Pain vs Pay-Off

By Adrian Sutton

May 28, 2008

Doug’s discovered a way to improve the effectiveness of simian to avoid adding more duplication to a code base:

The solution is very simple. The simian-report is a an xml file, so I wrote a SAX2 DefaultHandler that was able to parse the number of duplications at the different threshold levels. Putting this into a trivial ant task then gave us a task to help make things no worse even at levels below what the simian-check was doing! Within the first week, the new legacy-check was breaking the build (where the simian-check would never have) and focusing the teams attention on how to make things better. The solution is simple and really cool. I have no doubt that it will have a big impact on the amount of duplication and the overall quality of our code. The trouble is, Simian’s normal reporting is really, really lousy and Doug’s extra check highlights just how useless Simian is at telling you where the duplication is instead of just detecting that there is duplication.

I discovered this new check when the build broke after a simple commit I made that fixed an annoying bug and removed some duplication. Unfortunately, it happened to change the distribution of duplication so that it triggered a simian-legacy failure. I can, after the use of a few choice words, handle failures like that because it shows I could have and probably should have done more to improve the code around the change I made. Someone’s got to go in a clean things up – it might as well be me.

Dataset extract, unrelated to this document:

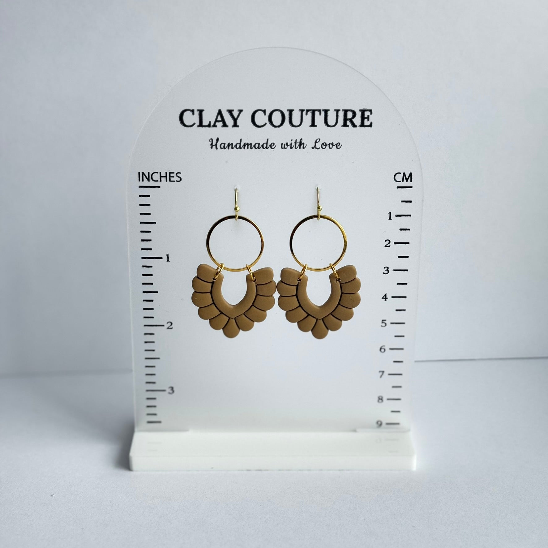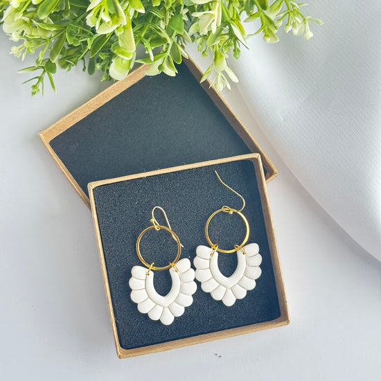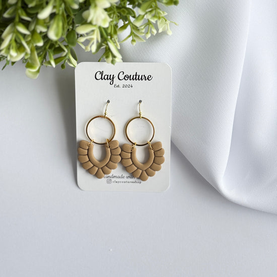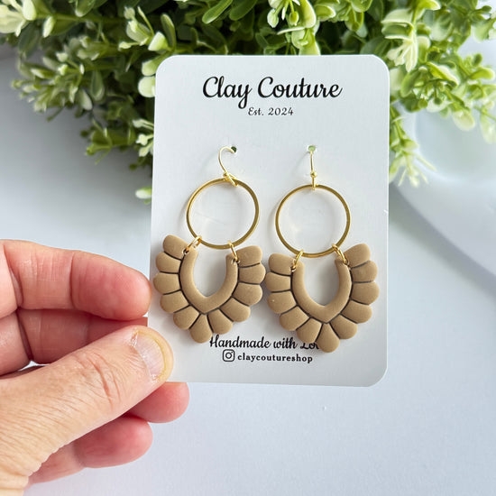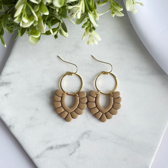 Elevate your everyday style with these handmade neutral polymer clay earrings, designed to blend modern elegance with effortless wearability. Featuring a soft arch-shaped clay design paired with a gold-tone hoop, these earrings add just the right amount of statement without feeling heavy.

That’s when I encountered Simian’s report. It’s one great big long HTML page listing pretty much every bit of duplication it found broken down into sections of numbers of lines duplicated and it has a pretty useless index at the top. Over VPN it took 15 minutes to download and render. It hung Safari and FireFox for about 5 minutes trying to render it locally. Once it loads you have to sort through the thousands of duplication matches it’s found (matching as little as 2 lines duplicated and with quite liberal settings on what constitutes a match – again, a good thing) to try and find the one new duplication that caused the build failure.

Eventually I discovered the easiest way was divide and conquer. Simian can run even if the code doesn’t compile, so I rolled back each file individually until Simian passed again. Then I patched my changes back in, searched the report for that file name and eliminated as much of the duplication involving that file as I could and reran Simian.

I’m still in two minds as to whether or not the new check is worth the pain it causes. I really like the idea of it, I just really wish there was an Eclipse plugin for Simian that highlighted duplication right there in the code, or at least a HTML report that showed the actual code marked up with duplication. Then again, if you just have to guess at what duplication to remove the code base will get better faster…